Source material:
- - -
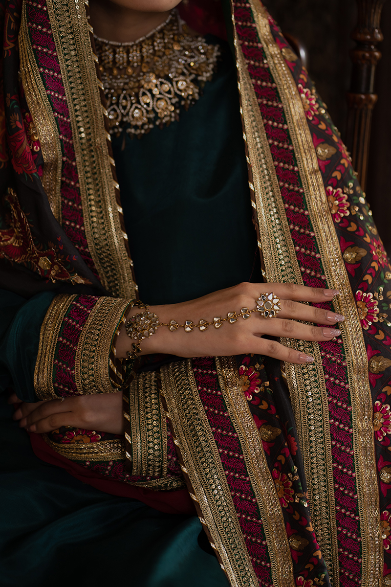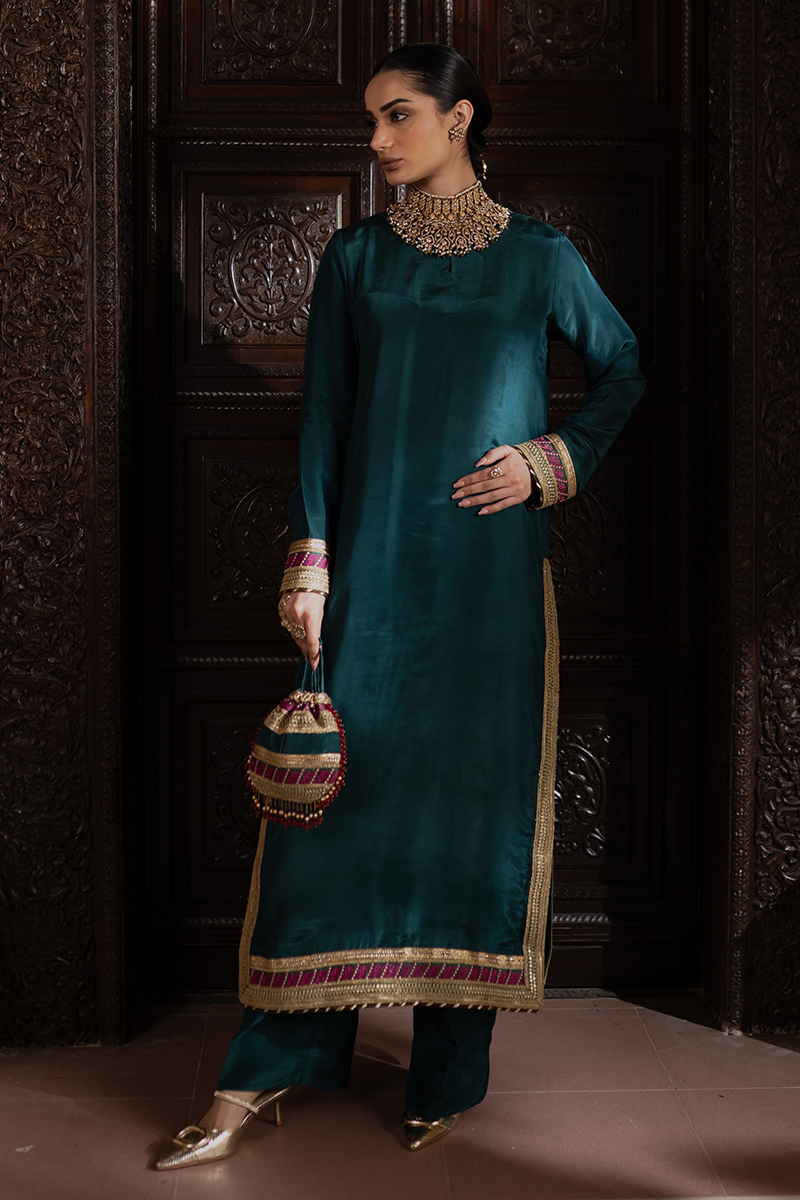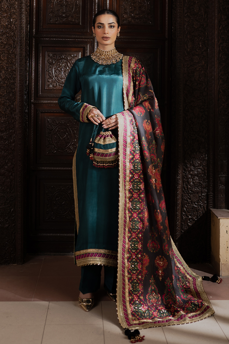 A lavish raw silk suit adorned with exquisitely embroidered and embellished tilla borders, radiating pure opulence. The luxe texture of silk pairs beautifully with the shimmering handcrafted detailing, creating a show-stopping ensemble. Perfect for making an unforgettable entrance at any celebration.
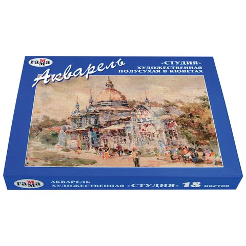 Краски акварельные художественные ГАММА 'Студия', 18 цветов, кювета 2,5 мл, картонная коробка, 21500
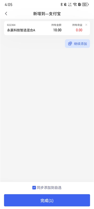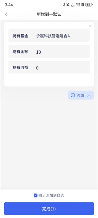 3、这里以手动方式为例,输入持有基金、金额、收益,勾选下方【同步添加到自选】并点击【完成】。
- - -
What you need to do:
Once the pictures are set aside, output the whole listing exactly.

Solution:
 A lavish raw silk suit adorned with exquisitely embroidered and embellished tilla borders, radiating pure opulence. The luxe texture of silk pairs beautifully with the shimmering handcrafted detailing, creating a show-stopping ensemble. Perfect for making an unforgettable entrance at any celebration.
 Краски акварельные художественные ГАММА 'Студия', 18 цветов, кювета 2,5 мл, картонная коробка, 21500
 3、这里以手动方式为例,输入持有基金、金额、收益,勾选下方【同步添加到自选】并点击【完成】。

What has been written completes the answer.